Thom Browne is the best when it comes to getting famous and wealthy men into a uniform that suits their needs. The story began when the wealthy demo eagerly wore his famedly slimming, ankle-baring grey suits. This was the foundation of his brand. Over the years Browne has been able to persuade many men to try the skirted waters. Browne now has a Cartier Tank as an additional element to his uniform.
Browne confirmed that embroidered watches were stitched just below models’ sleeves during his Paris Fashion Week show. Most of them represent the Cartier Tank with a few resembling the Rolex Day Date. The detail was taken directly from the designer’s wardrobe. The embroidered version is modeled after his Tank. He stated that the Cartier Tank was his first choice. The Tank is still a favourite over a century after its creation in 1917.

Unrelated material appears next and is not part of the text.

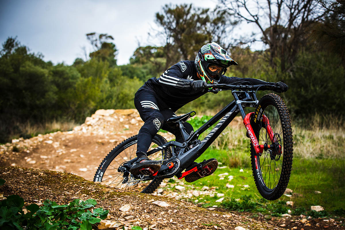 Canyon levert het nieuwe Sender CFR frame niet los en slechts in twee varianten als complete bike. De Sender CFR FMD heb je voor € 4.699. Die heeft een Fox 40 Performance Elite voorvork en een DHX2 Performance Elite. Shimano levert de Saint remmen en aandrijfcomponenten. De wielset bestaat uit DT Swiss 350 naven met FR 202 velgen met een binnenbreedte van 30 mm. Het topmodel, de Sender CFR kost € 5.799. Die heeft vooraan een RockShox Boxxer Ultimate voorvork, en de achterdemper is RockShox’ SuperDeluxe Ultimate. Sram levert de XO DH 7 speed aandrijflijn en de Code RSC remmen. De wielset bestaat bij deze bike uit DT Swiss 240 naven en FR560 velgen met een binnenbreedte van 30 mm.
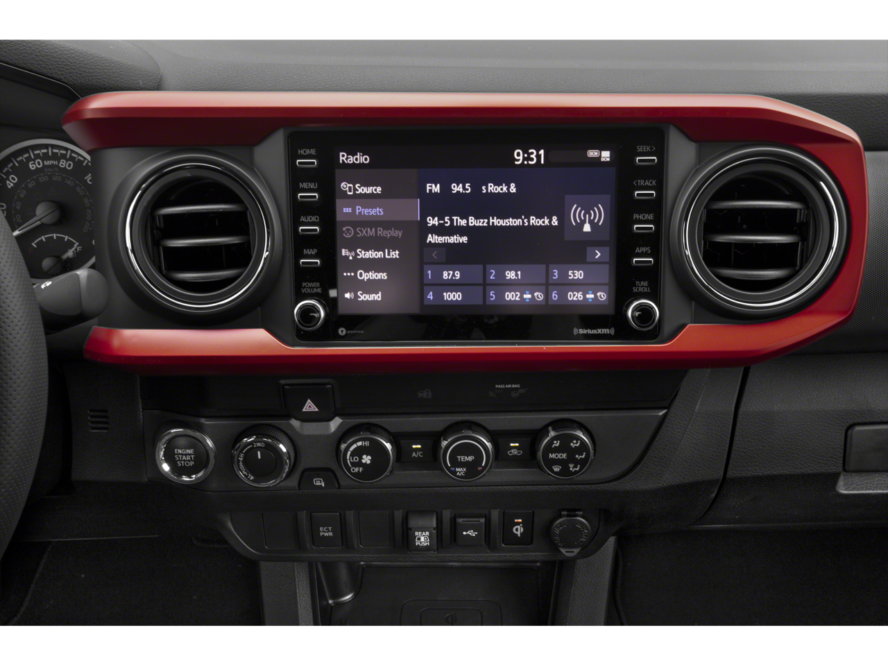 Below is all the standard equipment 4WD, 120V/400W Deck Mounted AC Power, 17 Machined Alloy Wheels, 6 Speakers, ABS brakes, Air Conditioning, Alloy wheels, AM/FM radio: SiriusXM, Anti-whiplash front head restraints, Apple CarPlay/Android Auto, Auto High-beam Headlights, Auto-dimming Rear-View mirror, Auto-Dimming Rearview Mirror w/HomeLink, Automatic temperature control, Axle Ratio: 3.91, Blind Spot Monitor w/Rear Cross Traffic Alert, Brake assist, Bumpers: body-color, Color-Keyed Overfenders, Driver door bin, Dual front impact airbags, Dual front side impact airbags, Electronic Stability Control, Emergency communication system: Safety Connect (1-year trial), Engine Immobilizer, Exterior Parking Camera Rear, Fabric Seat Trim, Front anti-roll bar, Front Bucket Seats, Front Center Armrest, Front Door Smart Key System w/Push Button Start, Front dual zone A/C, Front fog lights, Front reading lights, Front Seats, Front wheel independent suspension, Garage door transmitter: HomeLink, Heated door mirrors, Illuminated entry, Knee airbag, Leather Seat Trim, Leather Shift Knob, Low tire pressure warning, Occupant sensing airbag, Outside temperature display, Overhead airbag, Overhead console, Panic alarm, Passenger door bin, Power door mirrors, Power driver seat, Power Sliding Rear Window w/Privacy Glass, Power steering, Power windows, Radio: Audio, Radio: Premium Audio w/Dynamic Navigation, Radio: Premium JBL Audio w/Dynamic Navigation, Rear Parking Assist Sonar, Rear step bumper, Remote keyless entry, Security system, Speed control, Speed-sensing steering, Split folding rear seat, Steering wheel mounted audio controls, Tachometer, Telescoping steering wheel, Tilt steering wheel, Traction control, Trip computer, Turn signal indicator mirrors, and Variably intermittent wipers.

According to Browne, the Tank was an ideal match for the show’s theme. He said that the collection was a tribute to the rich heritage of French couture fashion from the 1940s and 1950s. Browne appears to be referring to the devotion of the French upper-crust to the Tank. Harry Fane, a Cartier dealer, once said to me that in Paris, if you were an Aristocrat and you were 21 years of age, it was a rite to have your father take you to Cartier to purchase your first Cartier watch. All Browne’s customers are now able to dress up as mid-century French aristocrats.

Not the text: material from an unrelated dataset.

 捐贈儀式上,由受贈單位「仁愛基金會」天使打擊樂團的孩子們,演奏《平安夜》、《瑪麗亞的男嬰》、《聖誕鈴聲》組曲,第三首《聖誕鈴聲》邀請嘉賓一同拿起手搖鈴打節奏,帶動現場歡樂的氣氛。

Another sign of how watches are becoming more mainstream is the Tank-Browne crossover. Although they rarely meet in the middle, fashion is the emotional artform while watches are the mechanical tools, they are becoming more compatible. Alyx launched its Audemars Piguet Royal Oak in 2005, and Hermes now makes their own timepieces for collectors.
Cartier is the watchmaker that sits at the heart of this new entanglement. Tyler, the Creator, a fashion-conscious guy, is ready to upgrade his Casio. They suddenly find themselves several Cartier watches deep and at auctions dedicated Cartier’s pieces. Cartier is the brand that embraces bold design, leaving aside technical jargon which often dominates watch conversations. Eric Ku, a dealer, told me last year that Cartier is hot because people realize–finally realizing –that design is just the same as complications or other attributes.

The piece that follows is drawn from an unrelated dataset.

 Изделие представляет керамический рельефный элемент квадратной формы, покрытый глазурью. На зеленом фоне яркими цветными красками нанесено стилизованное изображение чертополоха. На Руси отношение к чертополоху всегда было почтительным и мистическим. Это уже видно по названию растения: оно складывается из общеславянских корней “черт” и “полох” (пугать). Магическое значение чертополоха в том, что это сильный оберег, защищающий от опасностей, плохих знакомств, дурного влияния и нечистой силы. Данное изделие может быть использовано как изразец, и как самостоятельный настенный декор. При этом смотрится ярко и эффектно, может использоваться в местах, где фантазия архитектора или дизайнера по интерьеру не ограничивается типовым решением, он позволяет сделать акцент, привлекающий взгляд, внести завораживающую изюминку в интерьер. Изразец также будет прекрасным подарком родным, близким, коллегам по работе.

Although the Tank was not the main attraction at Browne’s Paris show, it was the most important component men can include into their wardrobes without violating any public decency laws. Browne’s version won’t tell you the time, which is a relief to some collectors. Andy Warhol was known to have never kept his Tank ticking. He once stated, “I don’t wear a Tank for telling the time.” “In reality, I don’t wind it. It’s my favorite watch.”